Metrics for Bayesian Optimal Experiment Design under Model Misspecification
Catanach, Tommie A., Das, Niladri
The conventional approach to Bayesian decision-theoretic experiment design involves searching over possible experiments to select a design that maximizes the expected value of a specified utility function. The expectation is over the joint distribution of all unknown variables implied by the statistical model that will be used to analyze the collected data. The utility function defines the objective of the experiment where a common utility function is the information gain.

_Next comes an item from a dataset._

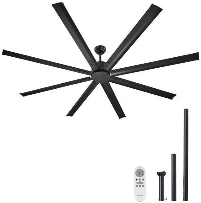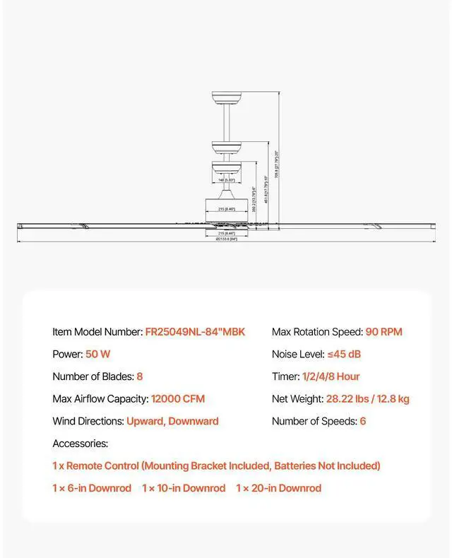 Product Dimensions(10-in Downrod): 84.25 x 17.79"/2140 x 451.8 mm,Product Dimensions(20-in Downrod): 84.25 x 27.79"/2140 x 705.8 mm,Color: Black,Max Airflow Capacity: 12000 CFM,Product Dimensions(6-in Downrod): 84.25 x 13.79"/2140 x 350.2 mm,Number of Speeds: 6,Wind Directions: Upward, Downward,Noise Level: 45 dB,Timer: 1/2/4/8 Hour,Max Rotation Speed: 90 RPM,Item Model Number: FR25049NL-84"MBK,Number of Blades: 8,Net Weight: 28.22 lbs / 12.8 kg,Power: 53 W

This article introduces an expanded framework for this process, where we go beyond the traditional Expected Information Gain criteria and introduce the Expected General Information Gain which measures robustness to the model discrepancy and Expected Discriminatory Information as a criterion to quantify how well an experiment can detect model discrepancy. The functionality of the framework is showcased through its application to a scenario involving a linearized spring mass damper system and an F-16 model where the model discrepancy is taken into account while doing Bayesian optimal experiment design.